The defendant maintains that the Commonwealth did not prove beyond a reasonable doubt that he was engaged in a joint venture with Kevin Disley. In that context, the only question that requires serious attention is whether the defendant “acted with knowledge of the ․ robbery and an intent to assist in committing the crime.” Commonwealth v. Giang, 402 Mass. 604, 608, 524 N.E.2d 383 (1988). See Commonwealth v. Amaral, 13 Mass.App.Ct. 238, 241-242, 431 N.E.2d 941 (1982).
Although the evidence is not overwhelming, I think the jury could infer, beyond a reasonable doubt, that the defendant had advance knowledge of what Disley was going to do,1 and that he stood by ready to assist Disley if necessary by remaining in a tree line above the rear of the residence as a lookout, inferably listening for sounds2 while Disley twice entered the house, on one occasion returning with a “bulging” bag, and subsequently departing with Disley. Compare Commonwealth v. Fuentes, 45 Mass.App.Ct. 934, 935-936, 702 N.E.2d 814 (1998). Contrast Commonwealth v. Lombard, 419 Mass. 585, 590, 646 N.E.2d 400 (1995). “[I]f one is, by agreement, in a position to render aid, he is an abettor even if he does not participate in the actual perpetration of the crime․” Commonwealth v. Costa, 407 Mass. 216, 224-225, 552 N.E.2d 106 (1990). See Commonwealth v. Conroy, 333 Mass. 751, 755, 133 N.E.2d 246 (1956); Commonwealth v. Lafayette, 40 Mass.App.Ct. 534, 537, 665 N.E.2d 1025 (1996). See also Commonwealth v. Caramanica, 49 Mass.App.Ct. 376, 381, 729 N.E.2d 656 (2000), and cases cited therein. The evidence, and reasonable inferences drawn therefrom, as to participation as a joint venturer, need not be compelling, only permissible. Commonwealth v. Murphy, 31 Mass.App.Ct. 901, 903, 574 N.E.2d 412 (1991). Here, “the jury could believe a part and disbelieve a part of the defendant's statements without distorting or mutilating any integral portion of the statements.” Commonwealth v. McInerney, 373 Mass. 136, 144, 365 N.E.2d 815 (1977). With this in mind, I conclude that there was sufficient evidence that the defendant actively participated as a lookout to take the case to the jury. See Commonwealth v. Mendes, 46 Mass.App.Ct. 581, 588-589, 708 N.E.2d 117 (1999). See also Commonwealth v. Pringle, 22 Mass.App.Ct. 746, 750, 498 N.E.2d 131 (1986); Commonwealth v. Fuentes, 45 Mass.App.Ct. at 935-936, 702 N.E.2d 814.

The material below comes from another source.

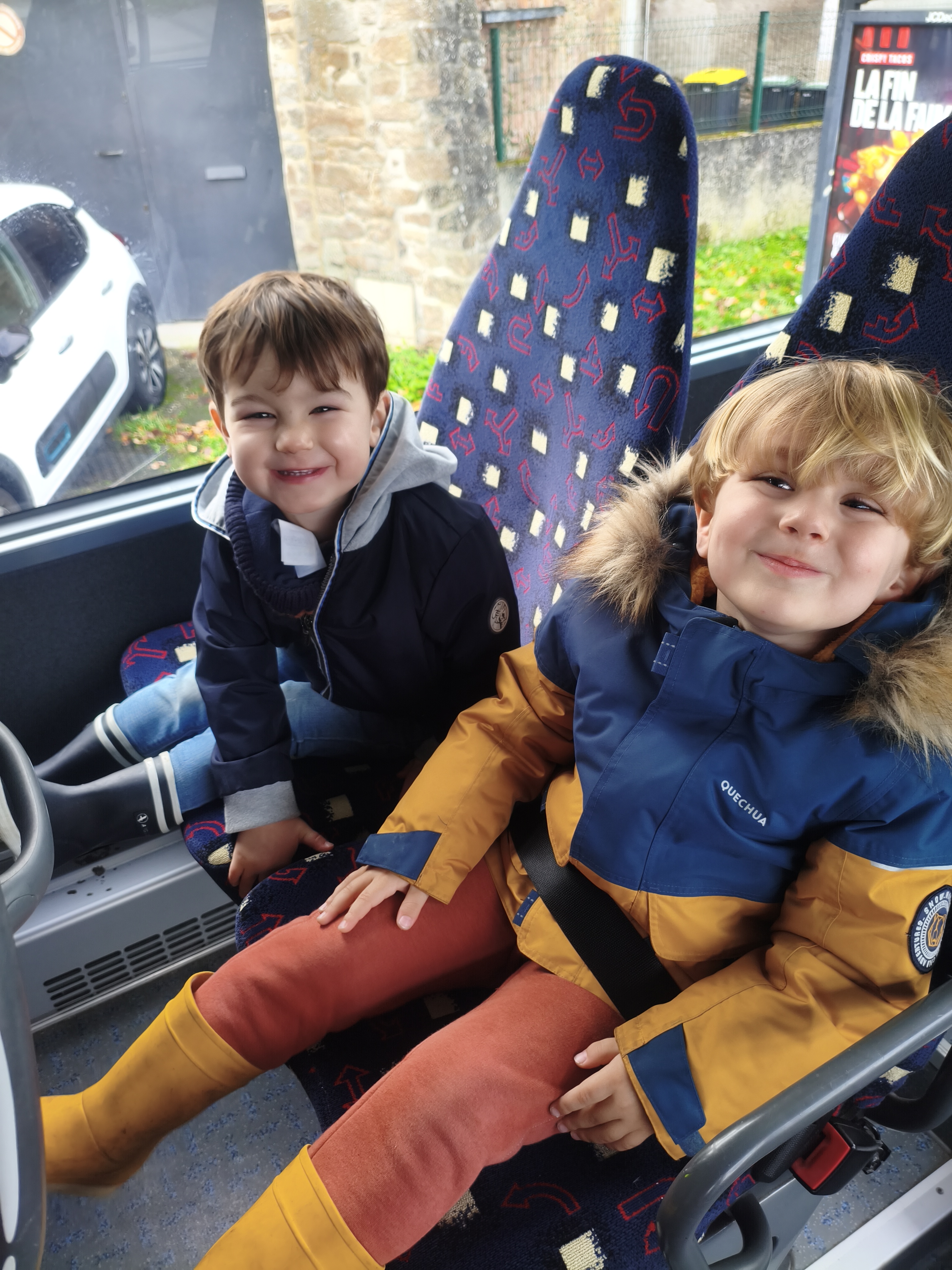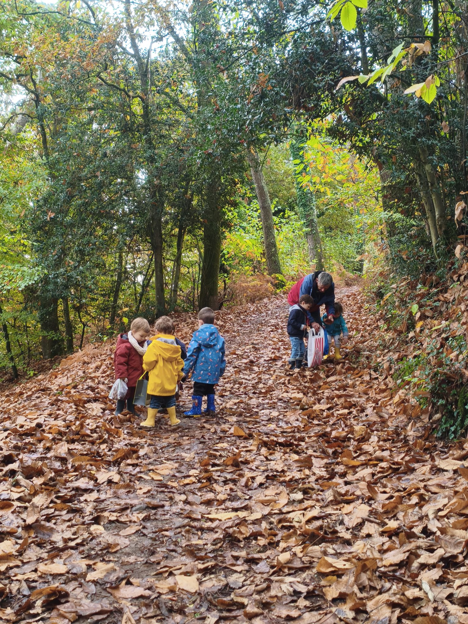 Vendredi 7 novembre, les élèves de la classe de TPS-PS de Mélanie, Isabelle et Marine, accompagnés des élèves de la classe de PS-MS de Nathalie et Aude, se sont rendus à la Petite forêt, à Auray.
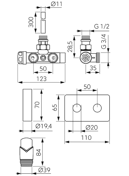 • integrovaný úhlový ventil s přednastavením a 1/2‘ radiátorovou přípojkou

1. Larceny of property over $250 was dismissed. There was a not guilty verdict on the malicious distribution of property over $250 charge.
2. The homeowner, Cheryl Kaczmarski, testified that a blue duffle bag that she had left on a chair was missing.
1. Indeed, upon a careful reading, I would characterize the defendant's recorded statements to the police as redolent of his knowledge of the mischief afoot, recognizing, however, that presence and knowledge, without more, are not enough to establish joint venture liability.
2. I am hard pressed to fathom any innocent basis for Disley's inquiry (between entries into the house) to the defendant whether “he heard a dog [or dogs] barking.”